This website covers knowledge management, personal effectiveness, theory of constraints, amongst other topics. Opinions expressed here are strictly those of the owner, Jack Vinson, and those of the commenters.

Home for groups

Kris Olson at Wiki That suggests that What's Missing Is a 'Home' for Groups

All of this is also very focused on the individual. What's MISSING in all of this is the nature of the interruptions – the CONTEXT.

Obviously, most of our interruptions come from others – people we collaborate with. And each collaboration usually includes some other folks because we tend to collaborate in groups. Groups give interruptions context. Yet, there is no infrastructure that supports the 'group' - just the one-to-one communications that individuals get interrupted by.

Eemails, RSS Feeds, cell phones. desk top documents – it's all just bits of incomplete data that force us to connect with the other person to complete it, loop around with others so they get the new data, etc, etc., ...

As you might guess from the name of Kris' blog, one solution to the "group home" question could be the wiki.  Create context via the wiki, and have good use of web feeds, and the group context can be maintained in a single place.  I can see his point, but then I am not so sure this solves the full problem.  We know that organizations and projects are made of people, but any technology solution still ends up requiring that individuals use the tools.  And there is that annoying problem that we can never write down as much as we know.  Over time, however, people can get a sense for what is going on by observing the Home.

Kris' article is based on the much-discussed Clive Thompson NYT Magazine article, Meet the Life Hackers.  A major aspect of what Thompson discusses is the problem of getting things done in a world of interruptions.  In relation to groups, people who physically work together have more interruptions ...

But they have better interruptions, because their co-workers have a social sense of what they are doing. When you work next to other people, they can sense whether you're deeply immersed, panicking or relatively free and ready to talk -- and they interrupt you accordingly.
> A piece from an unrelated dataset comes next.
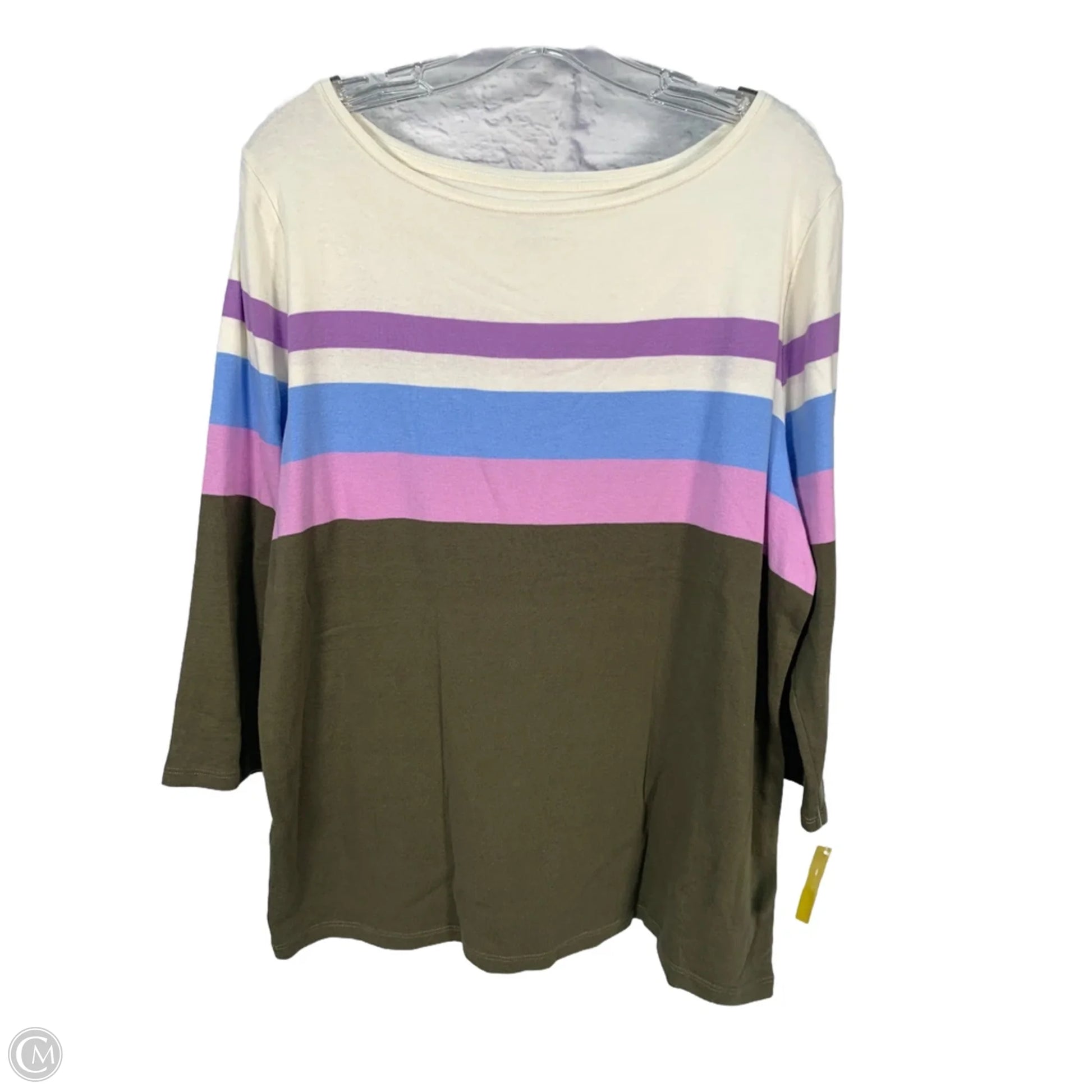 Top Long Sleeve Basic By Talbots In Cream & Green, Size: 2x
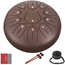 VEVOR Hand pan de Lengüeta de Acero 13 Nota 30cm, Tambor de Lengua de Calidad con Decoración de Cuerda y Mazos, Tambor de Lengüeta Color de Pistola, Bolsa Libro de Música Color de Pistola

What is it that looks like "home?"  This gets back to the idea of shared context again.  The group has a familiar vibe due to its language, style and the people who participate.  In the physical world, I get a sense of what's going on from all these queues, but overwhelmingly from the queues that you provide back to me in our interactions.  If I hear you grunting and cursing at your project, I am less likely to interrupt you to talk about yet another problem with the project.  I might interrupt you to suggest coffee, if I know that kind of thing works for you. 

In the virtual world, we lose much of the immediacy of the feedback loop, though we can get pieces of it from some of the technologies we have available.  I think, however, they are not enough.  At some point, I still need to make a direct request for your attention, and I can't truly know how "interruptible" you are until I make the attempt.

I wonder what our virtual "group homes" will look like in the future.